Blended finance doesn’t cause double counting — but it makes it easier to get away with. When multiple financiers support the tree project and then each writes it up in their own sustainability report, the result isn’t always synergy — it’s often statistical déjà vu. The trees may be real. But if everyone takes full credit for the same stand, the math gets fuzzy fast.
And in an era where climate progress is measured in targets, metrics, and dashboards, that kind of fuzzy math can quietly distort the story — inflating impact, eroding trust, and turning even well-intentioned reforestation into a forest of ghost claims.
This Shouldn’t Be Complicated
Nature-based solutions — including reforestation, mangrove restoration, and agroforestry — are chronically underfunded. According to UNEP, 82% of current NbS financing globally comes from public sources, with domestic governments providing over $120 billion annually. The private sector had only mobilized 17% of current financing. And this annual tally needs to double, fast.
Blended finance emerged as a workaround: a way to pool resources from public, private, and philanthropic sources that, on their own, wouldn’t be enough to fund a full-scale project. No single actor covers the whole bill — but together, they make it work.
Several recent initiatives offer insight into how this works. The Livelihoods Carbon Fund III, for instance, blends grants and guarantees to support agroforestry and ecosystem restoration projects, with the goal of sequestering 30 million tonnes of CO₂ while improving smallholder livelihoods. It received early-stage support from the Global Environment Facility and risk protection from the U.S. Development Finance Corporation — a structure designed to draw in commercial investors.
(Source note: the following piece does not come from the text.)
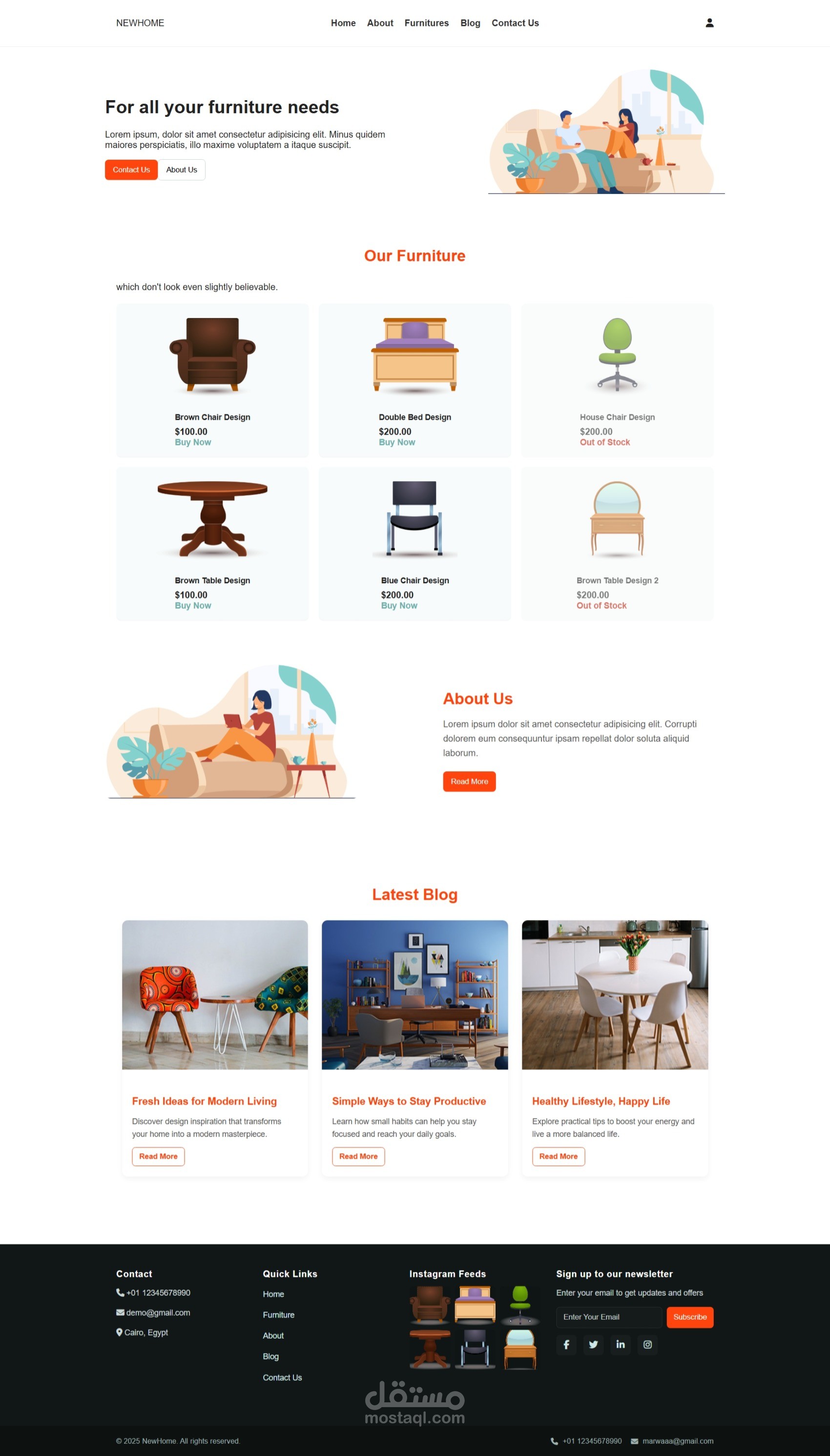 صفحة هبوط عصرية لعرض منتجات الأثاث، بتصميم أنيق يبرز الهوية البصرية ويزيد تفاعل العملاء.
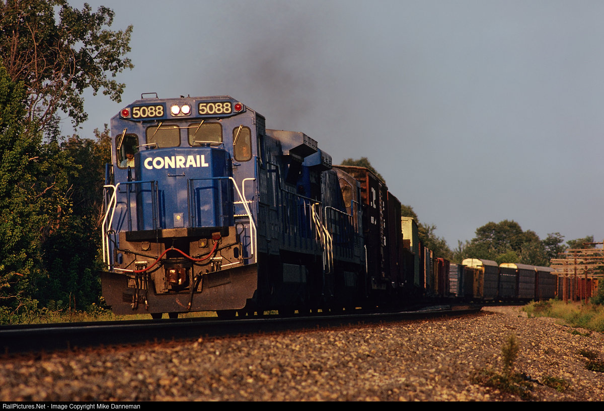 | New Conrail GE B40-8 No. 5088 leads a westbound CR freight into a setting sun at New Carlisle, Indiana, at 5:45 p.m. on September 10, 1988. |

Other examples include Café Selva Norte in Peru, which helps coffee farmers rehabilitate degraded plantations and adopt sustainable practices, generating 3.8 million tonnes of CO₂ credits. And Terra Global Capital’s funds support reforestation and forest conservation in emerging markets, pairing technical assistance with carbon finance to boost project credibility and community impact.
But while the financial plumbing gets increasingly sophisticated, one critical layer still leaks: attribution.
And when attribution leaks, accountability does too. Projects get billed more than once. Impact is claimed multiple times. In some cases, that’s merely confusion. In others, the reporting crosses the line into fraud — especially when multiple claims are knowingly stacked.
How Many Trees Are We Planting, Exactly?
Enough to fill the press releases, apparently.
The Tree Planted Twice
There is increasingly widespread awareness of double counting in climate solutions (or triple counting, or multiple attribution with high narrative compression, depending on your epistemological tolerance). Nature-based solutions are no exception here.
In a 2024 article from DeSmog, experts flagged that tree-planting activities funded by Shell in the Netherlands may be counted twice — once by Shell and once by the Dutch government toward its national climate targets. “There is no way of separating out individual tree planting projects,” said campaigner Rachel Perlman, “so to sell them when there is a high likelihood that these activities go to fulfilling the regulation is a likely double counting.”
An article from Green Planet phrases it more bluntly: “This is when multiple parties claim they planted the same trees, creating an inflated perception of how many trees are really getting planted globally.”
And then there’s the broader structural layer. In 2014, the Stockholm Environment Institute mapped out four forms of double counting in climate solutions:
- Double issuance, where two sets of credits are issued for the same reduction
- Double claiming, where two actors count the same results
- Double use, where a credit is used more than once
- Double purpose, where one action is counted toward both emissions and finance pledges
At scale, this isn’t a rare failure mode — it’s a likely outcome of distributed ambition and silo-ed reporting. Veritree’s Derrick Emsley has noted that the system behind nature-based solutions is messy by design, and that reports of large-scale fraud — whether deliberate or accidental — are now a weekly occurrence. In other words: it’s a structure that actively enables double counting.
This isn’t necessarily classic greenwashing. But it is what LessWrong might call a coordination failure with high narrative compression.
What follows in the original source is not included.